The second comes from Leviticus 26:46:

These are the statutes, the ordinances, and the laws that the Lord gave between Himself and the children of Israel on Mount Sinai, by the hand of Moses.

The third sample comes from Deuteronomy 17:8-11:

If a matter eludes you in judgment, between blood and blood, between judgment and judgment, or between lesion and lesion, words of dispute in your cities, then you shall rise and go up to the place the Lord, your God, chooses. And you shall come to the Levitic kohanim and to the judge who will be in those days, and you shall inquire, and they will tell you the words of judgment. And you shall do according to the word they tell you, from the place the Lord will choose, and you shall observe to do according to all they instruct you. According to the law they instruct you and according to the judgment they say to you, you shall do; you shall not divert from the word they tell you, either right or left.
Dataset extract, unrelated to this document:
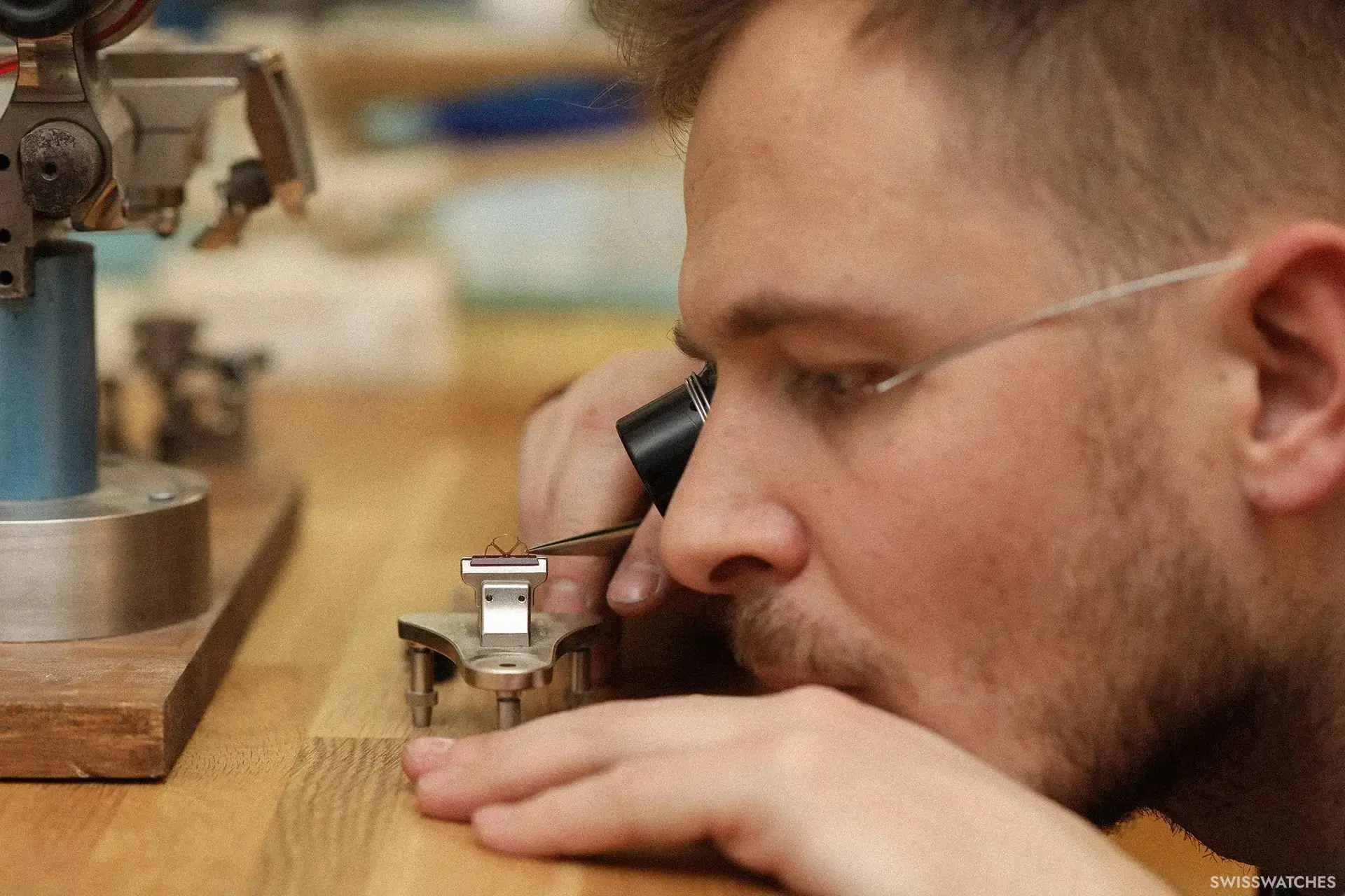 Ähnlich verhält es sich mit dem springenden Minutenzähler. Auf dem Papier mag er wie eine technische Nischenraffinesse wirken. In der Praxis sagt er viel über diese Uhr aus. Statt sich schleichend weiterzubewegen, springt der Minutenzähler präzise weiter, was das Ablesen der gestoppten Zeit erleichtert und dem Chronographen einen klareren, präziseren Rhythmus verleiht. Rexhep beschreibt ihn als exakter in der Nutzung, zugleich aber auch als deutlich schwieriger in der Umsetzung. Die Herausforderung besteht darin, zu kontrollieren, wie viel Energie dem Werk entnommen wird, wie diese Energie gespeichert und wieder freigesetzt wird und wie der Mechanismus in seine Ausgangsposition zurückkehrt, ohne unerwünschte Reibung oder Instabilität zu erzeugen. Es ist genau die Art von Detail, die viele Besitzer vielleicht nie vollständig wahrnehmen werden, die aber viel über den Ernst und die Konsequenz dieses Projekts erzählt.

In the first sample, we see that Moses is being overwhelmed by the sheer volume of cases that he has to hear. If all of the information required for applying the laws of the Torah were written in the Torah, it should not have been so difficult for Moses to hear every case. And if we want to say that Moses was overwhelmed with the sheer volume of cases pertaining to the Written Torah, note that Moses says, "I make known the statutes of God and His teachings." Why does he have to make them known if they were already publicly revealed and written in the Torah? This is a reference to details in the Oral Law.

The second is a classic reference to the different elements of the Torah, "the statutes, the ordinances, and the laws..." Granted that some Torah commentators divide the commandments into categories, Rashi explains that, "the (plural world) laws: וְהַתּוֹרוֹת... denotes two Torahs -] one Written Torah and one Oral Torah. It teaches us that all were given to Moses on [Mount] Sinai. — [Torath Kohanim 26:54]."
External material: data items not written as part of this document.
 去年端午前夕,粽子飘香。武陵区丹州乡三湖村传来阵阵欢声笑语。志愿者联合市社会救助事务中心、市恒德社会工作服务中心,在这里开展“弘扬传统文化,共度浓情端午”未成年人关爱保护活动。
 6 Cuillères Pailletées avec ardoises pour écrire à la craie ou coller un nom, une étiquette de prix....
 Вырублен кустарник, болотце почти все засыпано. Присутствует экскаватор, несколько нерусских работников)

The third and final sample is not actually an allusion to the Oral Torah, but is reference to the Divinely-appointed authority of the rabbi's in making legislation. The last verse in this set of verses is, "According to the law they instruct you and according to the judgment they say to you, you shall do; you shall not divert from the word they tell you, either right or left." The laws that the rabbis make are to be followed as if they were given by God. This component of the Oral Law, in contrast to information that was revealed on Mt. Sinai, is just as authoritative.